### Work instructions
Print the listing below again, exactly. Skip the pictures.

### Dataset section
'''

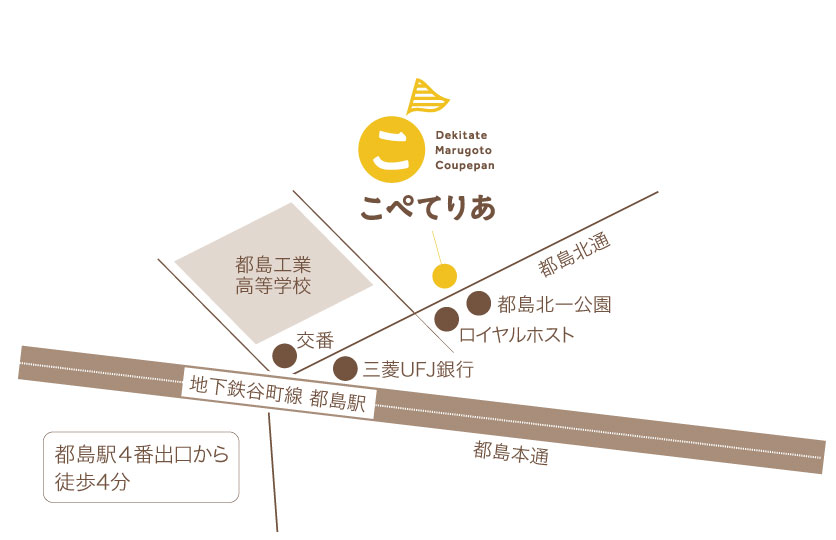 おなじみの日本発祥のコッペパンは給食止まり。そんな古い固定概念を撲滅したい思いでコッペパン専門店「こぺてりあ」は発足いたしました。店名は “コッペパン+カフェテリア(食堂:スペイン語)”の造語。お食事、おやつなど様々なシーンでお好きなものをセルフで選べるバラエティの豊富さ、手軽さ、健康志向に加え、美味しく食べるシーンを想起させることをイメージし命名いたしました。
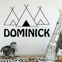 Custom Name Wall Sticker Triangle Geometric House Vinyl Decal Babys Kids Bedroom Wall Decoration Tent Pattern Art Mural $4.53
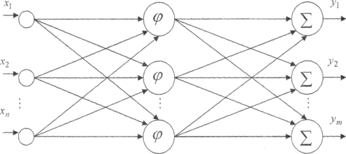 Нейронная сеть радиальных базисных функций содержит в наиболее простой форме три слоя: обычный входной слой, выполняющий распределение данных образца для первого слоя весов; слой скрытых нейронов с радиально симметричной активационной функцией, каждый j -й из которых предназначен для хранения отдельного эталонного вектора в виде вектора весов wj(h); выходной слой
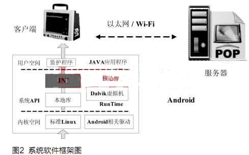 Android是Google與開發(fā)手機聯(lián)盟(Open Handset Alliance,OHA)推出的以Linux為內(nèi)核,真正意義上的開放性移動設(shè)備綜合平臺。從軟件結(jié)構(gòu)的角度上,Android系統(tǒng)分成4個層次: Linux操作系統(tǒng)及驅(qū)動、本地代碼框架、Java框架和Java應(yīng)用程序。圖2為本系統(tǒng)的軟件架構(gòu)圖。多參數(shù)采集前端通過異步串行口與OMAP3530通信,由于Java本身未提供串口的類庫,必須使用JNI(Java Native Interface)實現(xiàn)應(yīng)用層與串口硬件的數(shù)據(jù)傳送。數(shù)據(jù)采集、處理、顯示及網(wǎng)絡(luò)傳輸使用多線程和隊列緩沖機制來保證數(shù)據(jù)的實時性和完整性。網(wǎng)絡(luò)使用C/S架構(gòu),充分發(fā)揮服務(wù)器上的硬件優(yōu)勢,完成更多監(jiān)護信息的顯示和分析。

'''

### Exercise response
 おなじみの日本発祥のコッペパンは給食止まり。そんな古い固定概念を撲滅したい思いでコッペパン専門店「こぺてりあ」は発足いたしました。店名は “コッペパン+カフェテリア(食堂:スペイン語)”の造語。お食事、おやつなど様々なシーンでお好きなものをセルフで選べるバラエティの豊富さ、手軽さ、健康志向に加え、美味しく食べるシーンを想起させることをイメージし命名いたしました。
 Custom Name Wall Sticker Triangle Geometric House Vinyl Decal Babys Kids Bedroom Wall Decoration Tent Pattern Art Mural $4.53
 Нейронная сеть радиальных базисных функций содержит в наиболее простой форме три слоя: обычный входной слой, выполняющий распределение данных образца для первого слоя весов; слой скрытых нейронов с радиально симметричной активационной функцией, каждый j -й из которых предназначен для хранения отдельного эталонного вектора в виде вектора весов wj(h); выходной слой
 Android是Google與開發(fā)手機聯(lián)盟(Open Handset Alliance,OHA)推出的以Linux為內(nèi)核,真正意義上的開放性移動設(shè)備綜合平臺。從軟件結(jié)構(gòu)的角度上,Android系統(tǒng)分成4個層次: Linux操作系統(tǒng)及驅(qū)動、本地代碼框架、Java框架和Java應(yīng)用程序。圖2為本系統(tǒng)的軟件架構(gòu)圖。多參數(shù)采集前端通過異步串行口與OMAP3530通信,由于Java本身未提供串口的類庫,必須使用JNI(Java Native Interface)實現(xiàn)應(yīng)用層與串口硬件的數(shù)據(jù)傳送。數(shù)據(jù)采集、處理、顯示及網(wǎng)絡(luò)傳輸使用多線程和隊列緩沖機制來保證數(shù)據(jù)的實時性和完整性。網(wǎng)絡(luò)使用C/S架構(gòu),充分發(fā)揮服務(wù)器上的硬件優(yōu)勢,完成更多監(jiān)護信息的顯示和分析。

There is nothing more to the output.